# Stocking up!



## Pumpkinman (Mar 27, 2014)

It was time to start stocking up on Hops, yeast and grain, this is some of the yeast and hops that I received today....not to mention that I just scored a great deal on hops, 40 oz of various hops for $50.00 shipped......LOL
Lately, unless I can get a good deal on ounce packets, I purchase Hops by the pound, it is just more cost effective that way.

Nottingham and US -05 are great yeast to have in stock, in an emergency, these two can basically get the job done. I try to keep a half dozen of each in stock, I purchase Liquid yeast as I need them, or use the yeast that I've harvested from prior batches.

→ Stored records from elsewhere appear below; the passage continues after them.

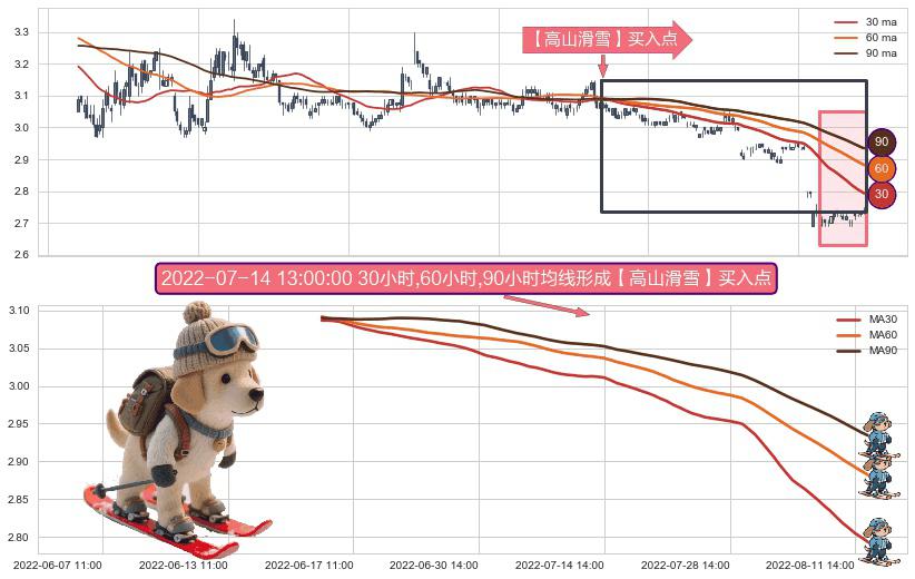 形态多维评估: ⚀ 2022-06-16 11:00:00小时-2022-08-12 14:00:00小时显现 30小时-60小时-90小时均线 【高山滑雪】买入点 看多信号,后市看涨,买入
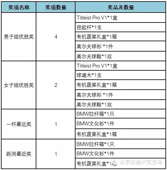 運(yùn)通集團(tuán)BMW北京分站賽,將設(shè)立男子優(yōu)勝獎(jiǎng)4名、女子優(yōu)勝獎(jiǎng)2名;晉級(jí)者將代表運(yùn)通集團(tuán)BMW北京運(yùn)通興寶、運(yùn)通嘉寶參賽7月在大連舉辦的區(qū)域賽,贏取全國(guó)總決賽資格!同時(shí)此次比賽總桿前20名將直接晉級(jí)運(yùn)通集團(tuán)“運(yùn)通杯”決賽,暢享高爾夫帶給您的無(wú)窮魅力。
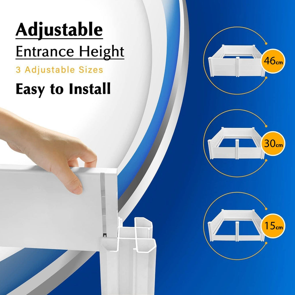 • Adjustable Entry / Exit Height: Simply add or remove short slat to adjust and control the entry and exit of the mother, while keeping the puppies safe inside. This allows for customisation according to the size of the mother or the puppies' growth stages.
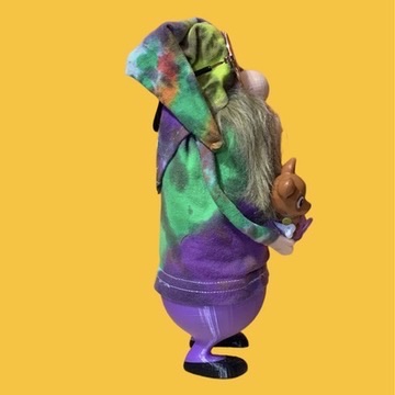 Peep his vibrant purple duds, man – solid purple pants and a matching pouch where his little furry dog friend hangs loose. Grimble Gromble ain't just a gnome; he's a whole vibe! Bring home the good karma, baby, and let the flower power flow!
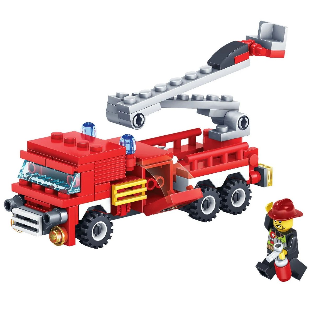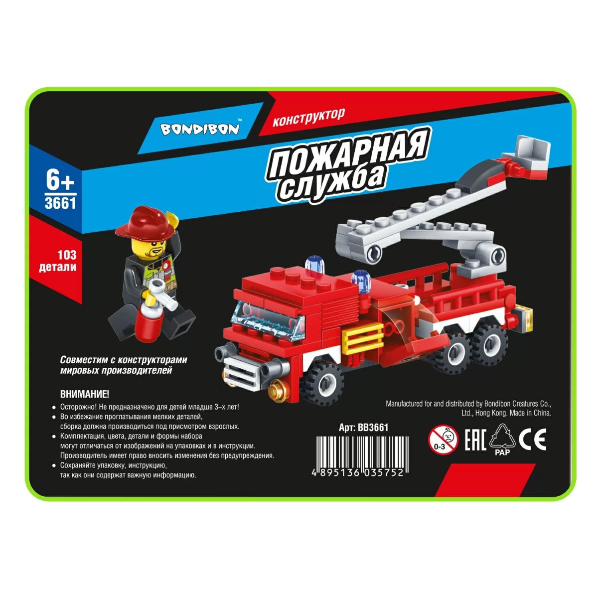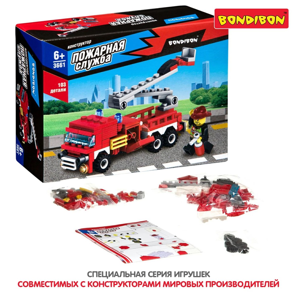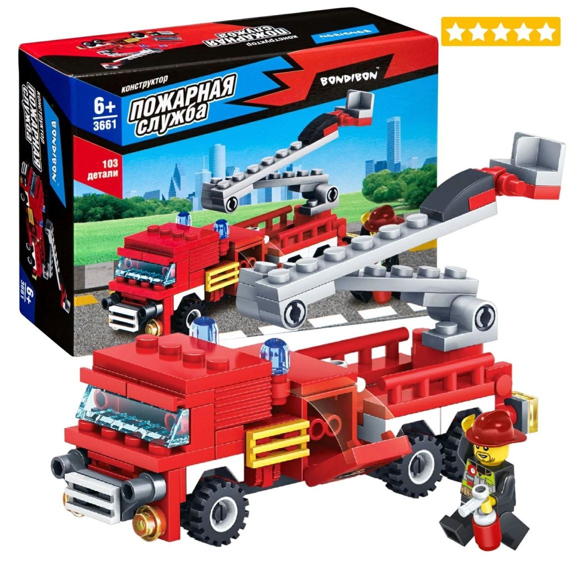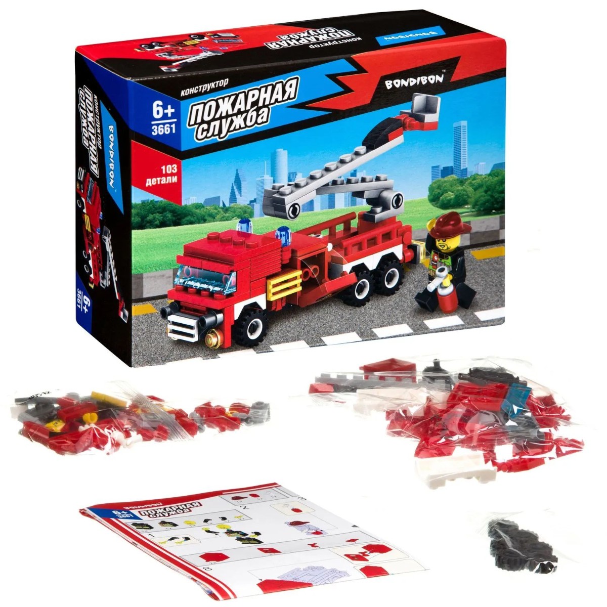 Собери грузовик со спасательной лестницей и человечка, чтобы играть в пожарного! Блочный конструктор ПОЖАРНАЯ МАШИНА из коллекции ПОЖАРНАЯ СЛУЖБА от Bondibon развивает мелкую моторику, мышление и дает детям большой простор для фантазии! В большом наборе 103 качественные детали для сборки, которые легко и надежно соединяются между собой. Соберите модель специального транспортного средства и фигурку пожарного, следуя подробной инструкции, и придумайте различные сюжетно-ролевые игры. Машинка может двигаться вперед и назад. А еще можно раздвигать складную лестницу. Игрушка развивает интерес к конструированию, моделированию, познавательные способности, внимание, логическое и пространственное мышление. ПОЖАРНАЯ МАШИНА от Бондибон – интересный и полезный подарок для мальчика. Детали совместимы с деталями конструкторов мировых производителей. В набор входят: 103 детали для сборки, инструкция. Возраст 6+ Расширяйте игровое пространство, собирая коллекцию конструкторов ПОЖАРНАЯ СЛУЖБА!
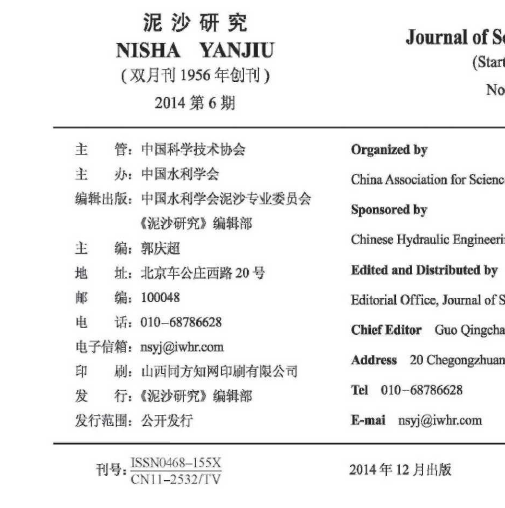 请教 泥沙研究(中文版) 期刊的投稿地址。 谢谢! |

Not shown is 20 lbs of various specialty grains to add to the 200 lbs of base malts that I bought recently. It may sound like a lot, but if I replenish my inventory and fill every case of bottles that I have, I'll use over 120 lbs of base malt. I have a wide variety of beer that I enjoy and stock, everything from Blonde Ale to Stouts, to Barleywine, IPA's, Lagers and Bourbon Ale.
Something for every taste.

I'll fill every case that I have now seeing that the Chilean wine season is just about here, at that point, my focus is on wine.

I have a few more Killer Ale recipes that I'll post, these are really great brews, light enough that most will enjoy them, not too hopped up, and the combination of grains used is just flat out perfect! These will become my House Ales.


----------



## grapeman (Mar 27, 2014)

That should be enough to keep you 'hop'ping making beers and ales. No need to go to the 'malt'o get beer. Just the process let alone the drinking will make you 'hop'py. Ok Ok enough already. It lookes like a great selection Tom. You need to make a few videos of you doing the beer and post for us.


----------



## LoveTheWine (Mar 30, 2014)

I don't see any fermentis S-04 yeast in that stock pile.
Do you use all liquid english strains?


----------